Daran hat sich für Rhoades inhaltlich nichts geändert. Ganz im Gegenteil, gesellten sich kürzlich weitere Herausforderungen hinzu.

Nach langer, eventuell sogar überlanger Bedenkzeit, entschied sich der Dragons Head Coach Ivan Zivko nun dazu, doch lieber nicht dem neuen Trainerstab als Offense-Coordinator angehören zu wollen. Weniger überraschend war, dass Claus Neumann nicht mehr die O-Line trainieren wird, denn der kündigte schon bei seinem Wechsel zu den Dragons an, dass er nun wieder im Klub-Football tätig sein will. Auf der Vermisstenliste befindet sich auch noch RB-Coach Brian Caler, der einen Job als Head Coach in Kempten (GER) annahm.

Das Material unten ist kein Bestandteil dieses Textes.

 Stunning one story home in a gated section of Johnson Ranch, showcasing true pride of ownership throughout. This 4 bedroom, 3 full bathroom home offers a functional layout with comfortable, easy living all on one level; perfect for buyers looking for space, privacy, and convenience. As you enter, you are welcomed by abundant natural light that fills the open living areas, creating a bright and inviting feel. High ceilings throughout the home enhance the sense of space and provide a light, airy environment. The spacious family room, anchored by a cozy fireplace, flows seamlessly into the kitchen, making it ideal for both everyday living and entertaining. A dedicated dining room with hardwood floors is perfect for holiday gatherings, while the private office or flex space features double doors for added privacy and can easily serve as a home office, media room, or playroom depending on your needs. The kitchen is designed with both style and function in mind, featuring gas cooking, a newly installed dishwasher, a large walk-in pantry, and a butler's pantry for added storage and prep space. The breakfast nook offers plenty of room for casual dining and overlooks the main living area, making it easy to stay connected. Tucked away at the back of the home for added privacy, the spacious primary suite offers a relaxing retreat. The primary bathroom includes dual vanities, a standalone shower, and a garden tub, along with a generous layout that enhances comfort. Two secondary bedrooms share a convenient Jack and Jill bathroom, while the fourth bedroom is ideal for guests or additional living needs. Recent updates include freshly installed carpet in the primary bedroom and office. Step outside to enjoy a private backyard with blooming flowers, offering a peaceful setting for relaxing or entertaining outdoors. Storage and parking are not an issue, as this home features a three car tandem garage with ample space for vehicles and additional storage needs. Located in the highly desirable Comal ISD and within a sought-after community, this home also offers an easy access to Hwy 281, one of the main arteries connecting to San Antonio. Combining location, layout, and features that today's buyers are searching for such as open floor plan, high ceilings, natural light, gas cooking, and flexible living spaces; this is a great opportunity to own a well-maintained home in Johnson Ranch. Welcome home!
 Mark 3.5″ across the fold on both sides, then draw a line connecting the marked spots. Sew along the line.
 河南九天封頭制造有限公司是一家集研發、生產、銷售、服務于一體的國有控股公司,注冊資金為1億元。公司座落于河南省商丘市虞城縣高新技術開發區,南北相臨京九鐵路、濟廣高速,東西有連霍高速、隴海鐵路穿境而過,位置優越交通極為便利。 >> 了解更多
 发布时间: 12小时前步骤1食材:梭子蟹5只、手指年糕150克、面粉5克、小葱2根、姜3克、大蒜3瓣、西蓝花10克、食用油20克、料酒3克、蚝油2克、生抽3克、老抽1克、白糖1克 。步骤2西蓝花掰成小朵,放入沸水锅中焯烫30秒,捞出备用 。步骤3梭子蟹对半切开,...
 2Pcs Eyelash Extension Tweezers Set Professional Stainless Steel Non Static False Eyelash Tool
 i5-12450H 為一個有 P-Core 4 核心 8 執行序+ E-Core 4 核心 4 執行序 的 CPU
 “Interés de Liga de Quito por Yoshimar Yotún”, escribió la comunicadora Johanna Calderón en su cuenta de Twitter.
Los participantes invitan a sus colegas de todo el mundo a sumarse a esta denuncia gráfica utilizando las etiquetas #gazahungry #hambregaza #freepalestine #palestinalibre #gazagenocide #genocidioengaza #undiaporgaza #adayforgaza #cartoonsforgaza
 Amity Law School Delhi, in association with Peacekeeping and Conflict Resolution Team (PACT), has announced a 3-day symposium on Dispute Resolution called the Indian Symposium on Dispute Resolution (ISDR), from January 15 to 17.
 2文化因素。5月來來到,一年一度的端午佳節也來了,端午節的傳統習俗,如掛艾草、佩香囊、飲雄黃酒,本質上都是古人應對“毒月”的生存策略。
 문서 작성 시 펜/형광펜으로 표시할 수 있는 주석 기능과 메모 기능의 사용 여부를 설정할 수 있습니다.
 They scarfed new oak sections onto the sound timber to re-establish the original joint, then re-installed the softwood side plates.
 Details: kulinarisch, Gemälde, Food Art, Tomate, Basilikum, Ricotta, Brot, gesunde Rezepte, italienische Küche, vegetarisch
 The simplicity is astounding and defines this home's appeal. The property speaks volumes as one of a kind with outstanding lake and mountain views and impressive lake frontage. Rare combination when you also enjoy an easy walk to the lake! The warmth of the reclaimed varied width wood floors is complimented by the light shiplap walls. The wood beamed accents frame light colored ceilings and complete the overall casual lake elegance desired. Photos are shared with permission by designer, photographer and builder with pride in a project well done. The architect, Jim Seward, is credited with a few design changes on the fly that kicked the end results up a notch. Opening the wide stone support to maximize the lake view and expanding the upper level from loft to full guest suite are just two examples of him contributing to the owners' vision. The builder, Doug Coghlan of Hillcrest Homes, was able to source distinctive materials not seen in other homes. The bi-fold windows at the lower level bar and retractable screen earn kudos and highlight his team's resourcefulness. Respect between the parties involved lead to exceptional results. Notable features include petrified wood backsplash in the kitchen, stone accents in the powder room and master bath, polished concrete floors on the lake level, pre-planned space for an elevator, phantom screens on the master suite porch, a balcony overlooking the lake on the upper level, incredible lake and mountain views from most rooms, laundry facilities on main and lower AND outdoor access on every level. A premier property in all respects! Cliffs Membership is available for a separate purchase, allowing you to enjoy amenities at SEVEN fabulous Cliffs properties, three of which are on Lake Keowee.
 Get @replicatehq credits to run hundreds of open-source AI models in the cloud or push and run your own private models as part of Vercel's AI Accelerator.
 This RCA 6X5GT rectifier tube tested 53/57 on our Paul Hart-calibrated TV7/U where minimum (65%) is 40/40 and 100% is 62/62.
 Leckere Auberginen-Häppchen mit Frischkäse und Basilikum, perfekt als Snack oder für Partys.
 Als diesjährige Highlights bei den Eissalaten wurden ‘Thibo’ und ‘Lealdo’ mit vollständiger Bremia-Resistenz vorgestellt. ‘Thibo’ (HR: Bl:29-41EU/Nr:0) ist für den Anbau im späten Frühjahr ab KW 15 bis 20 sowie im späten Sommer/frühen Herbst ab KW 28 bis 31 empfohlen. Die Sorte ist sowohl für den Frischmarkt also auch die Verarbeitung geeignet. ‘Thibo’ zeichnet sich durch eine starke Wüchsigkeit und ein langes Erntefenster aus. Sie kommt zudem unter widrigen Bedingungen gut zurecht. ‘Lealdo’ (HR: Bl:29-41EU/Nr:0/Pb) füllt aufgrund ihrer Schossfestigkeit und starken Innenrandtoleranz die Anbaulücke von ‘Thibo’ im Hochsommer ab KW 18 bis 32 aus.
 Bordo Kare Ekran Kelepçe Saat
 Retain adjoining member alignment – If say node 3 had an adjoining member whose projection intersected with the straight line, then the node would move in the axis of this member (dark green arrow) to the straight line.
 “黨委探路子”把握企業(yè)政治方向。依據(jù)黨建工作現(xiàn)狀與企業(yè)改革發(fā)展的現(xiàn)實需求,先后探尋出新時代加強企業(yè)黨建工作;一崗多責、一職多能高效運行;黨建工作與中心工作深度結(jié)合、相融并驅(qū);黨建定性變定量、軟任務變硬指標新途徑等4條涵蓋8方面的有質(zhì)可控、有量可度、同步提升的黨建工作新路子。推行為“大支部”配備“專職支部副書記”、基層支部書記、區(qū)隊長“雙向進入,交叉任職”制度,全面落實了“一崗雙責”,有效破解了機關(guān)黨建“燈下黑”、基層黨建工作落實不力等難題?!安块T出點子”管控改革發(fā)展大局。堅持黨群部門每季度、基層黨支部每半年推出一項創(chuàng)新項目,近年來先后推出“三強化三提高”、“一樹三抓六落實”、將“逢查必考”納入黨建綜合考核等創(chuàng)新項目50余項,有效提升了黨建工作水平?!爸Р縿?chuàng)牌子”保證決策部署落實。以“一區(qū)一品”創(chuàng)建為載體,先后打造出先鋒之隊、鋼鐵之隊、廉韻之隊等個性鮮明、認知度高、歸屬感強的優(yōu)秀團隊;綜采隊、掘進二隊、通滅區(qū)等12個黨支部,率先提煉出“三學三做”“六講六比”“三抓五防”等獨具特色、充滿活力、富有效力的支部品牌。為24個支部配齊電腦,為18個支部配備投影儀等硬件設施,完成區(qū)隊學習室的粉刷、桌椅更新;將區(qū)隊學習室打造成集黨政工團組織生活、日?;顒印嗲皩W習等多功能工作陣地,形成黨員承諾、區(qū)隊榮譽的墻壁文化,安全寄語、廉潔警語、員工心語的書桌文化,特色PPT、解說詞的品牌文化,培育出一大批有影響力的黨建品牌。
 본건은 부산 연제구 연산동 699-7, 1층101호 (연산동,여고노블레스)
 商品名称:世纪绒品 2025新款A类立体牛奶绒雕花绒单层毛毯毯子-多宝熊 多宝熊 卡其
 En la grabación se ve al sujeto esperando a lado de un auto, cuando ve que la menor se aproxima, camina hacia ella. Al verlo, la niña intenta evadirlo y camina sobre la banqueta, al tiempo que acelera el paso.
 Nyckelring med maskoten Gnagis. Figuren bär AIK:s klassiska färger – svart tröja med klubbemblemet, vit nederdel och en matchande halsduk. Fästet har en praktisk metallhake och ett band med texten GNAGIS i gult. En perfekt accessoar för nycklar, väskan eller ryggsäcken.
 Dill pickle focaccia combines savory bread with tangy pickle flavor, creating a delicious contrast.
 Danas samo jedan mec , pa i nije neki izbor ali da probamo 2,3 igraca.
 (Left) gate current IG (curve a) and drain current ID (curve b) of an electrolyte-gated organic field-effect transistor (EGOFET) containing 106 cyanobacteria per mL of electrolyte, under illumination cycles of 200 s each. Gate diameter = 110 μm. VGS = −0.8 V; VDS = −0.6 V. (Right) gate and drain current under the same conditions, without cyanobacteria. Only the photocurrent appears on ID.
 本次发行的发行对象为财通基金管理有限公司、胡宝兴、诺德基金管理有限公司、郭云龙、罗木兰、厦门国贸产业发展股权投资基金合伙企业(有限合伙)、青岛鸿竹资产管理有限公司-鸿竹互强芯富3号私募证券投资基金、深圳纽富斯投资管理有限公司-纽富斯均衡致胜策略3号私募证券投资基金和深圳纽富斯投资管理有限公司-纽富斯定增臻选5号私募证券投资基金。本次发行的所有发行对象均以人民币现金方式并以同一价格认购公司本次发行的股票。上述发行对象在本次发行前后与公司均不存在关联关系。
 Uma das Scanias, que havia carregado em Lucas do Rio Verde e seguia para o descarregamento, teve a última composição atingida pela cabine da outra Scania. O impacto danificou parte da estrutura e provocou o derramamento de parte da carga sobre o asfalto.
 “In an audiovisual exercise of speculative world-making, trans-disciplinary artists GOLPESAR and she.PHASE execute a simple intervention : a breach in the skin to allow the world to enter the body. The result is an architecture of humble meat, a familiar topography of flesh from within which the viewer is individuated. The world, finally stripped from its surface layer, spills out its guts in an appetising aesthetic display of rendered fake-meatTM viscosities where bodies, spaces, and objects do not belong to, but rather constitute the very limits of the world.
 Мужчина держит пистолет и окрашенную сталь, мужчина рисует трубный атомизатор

Warum will Zivko nicht mehr?
Er führt persönliche, familiäre Gründe an. Mangel an Zeit und Motivation und zu hohen Energieverbrauch. Energie, die er lieber für seinen Klub speichern und später entladen möchte. Diese Einsicht fällt nicht zufällig mit dem Ausscheiden von Binstorfer zusammen, denn die beiden sind befreundet, was den Abschied zumindest nicht schwerer machte. Die Vorgehensweise nährt natürlich auch Theorien, dass die ‚Österreicher-Tümelei‘ der Dragons einem Mann wie Zivko es ja gar nicht mehr erlauben würde, dass ein Amerikaner ihm hierarchisch vorsteht. Dagegen spricht allerdings einiges. Neben der Vernunft auch noch u.a., dass sich Zivko – zumindest nach außen hin – sehr zufrieden mit der Entscheidung für Rhoades als Teamchef (der richtige Mann) gezeigt hat. Das dürfte also, wenn überhaupt, nur einen sehr geringen Einfluss auf Zivkos Nein gehabt haben.

Warum er dann allerdings den Verband wochenlang mit seiner Entscheidung hingehalten hat, lässt nicht nur den AFBÖ selbst ein wenig ratlos zurück, deren Präsident Michael Eschlböck eigentlich mit Zivko rechnen durfte. Zumindest sendete der (Zivko) Signale aus, so Eschlböck, dass er wohl dabei sein wird. Es war am Ende eine Überraschung für viele, dass er es nun nicht ist.

Es gab auch Gespräche, noch bevor Rhoades fixiert wurde, mit Zivko und Chris Calaycay (Vikings), in denen sie ihre Wünsche und Gedanken äußern konnten. Es stand dabei ein System ohne Head Coach im Raum, ebenso wie die Möglichkeit, dass einer der beiden die Position übernimmt.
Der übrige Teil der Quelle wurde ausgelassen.